C’est pas vraiment comme cela que je conàois une évaluation, mais je ne suis pas un "pédagogue faisant partie d’une commission payée par Marie mais pas contrôlée par elle
Xavier
Bon, pourquoi faire des tests alors si l’on connaît les capacités de nos jeunes?
"Ce serait absurde, et méconnaître la capacité de discernement des jeunes "
On aurait économisé une somme importante, on aurait économisé du temps.
Et pourtant, je reste partisan d’évaluations externes, mais que diable, respectons les ensignants en établissant des évaluations de qualité.
Dans La Libre, un lecteur disait à quel point il était sidéré par l’incompétence pédagogique de l’équipe qui a créé ces test et l’incompétence politique de Madame Arena.
C’est peu dire
Xavier
Mesdames, Messieurs,
Un enseignant, qui ne s’est pas autrement identifié, a posté sur le site de la FAPEO la simple question "Qu’en pensez-vous?" en joignant un extrait du texte controversé. Je vous fais grâce de ma réponse complète mais ne résiste pas à la tentation de vous dire, comme à lui, que ce n’est pas tous les jours qu’un enseignant demande leur avis aux parents sur le choix d’un texte scolaire. Heureusement, ils ne le font pas tous les jours mais je serais quand même curieux de savoir ce que certains choisissent comme textes au nom de leur liberté pédagogique.
Bien à vous,
Philippe Schwarzenberger
Président de la FAPEO
Juste à titre informatif, je me pose deux questions :
Les présidents des Associations de Parents FAPEO, UFAPEC… sont-ils élus ou volontaires ?
Les actuels présidents sont-ils enseignants ?
Merci de me répondre.
J’ai apprécié l’humour de cet auteur…
Avec les élèves de 5ème et 6ème , j’ai organisé un débat suite à la polémique….Pour ou contre ce texte dans une épreuve externe ?
Ils ont jugé à 45% que ce genre d’écrit n’avait pas sa place dans une évaluation "sérieuse"…
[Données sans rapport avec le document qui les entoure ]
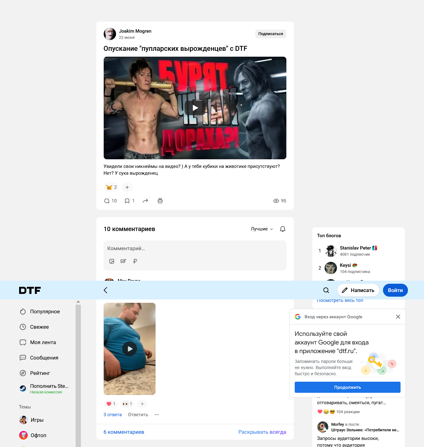 На DTF.ru забанили КОТОМЕМНОГО за критику американской пропаганды

car l’humour distrait , car certains pourraient s’inspirer , car on ne s’amuse pas du malheur des autres, car ce n’est pas très moral d’empoisonner son père….
Les POUR :nous sommes suffisamment grands pour faire la différence entre réalité et humour, nous aimons lire des textes humoristiques… (surtout ceux qui n’aiment pas lire!)
Bref , les avis furent partagés et l’échange très riche!
Le travail s’est achevé par une rédaction dont voici le sujet: " Es-tu pour ou contre les rédactions du genre "Raconte tes vacances" "T’est-il aussi déjà arrivé de n’avoir rien à dire ou de ne pas avoir envie de raconter?…"
Les avis sont très diversifiés et je me suis bien amusée à les lire!
Réponse à "papa curieux":
Je suis président élu à la FAPEO. Je ne suis pas enseignant.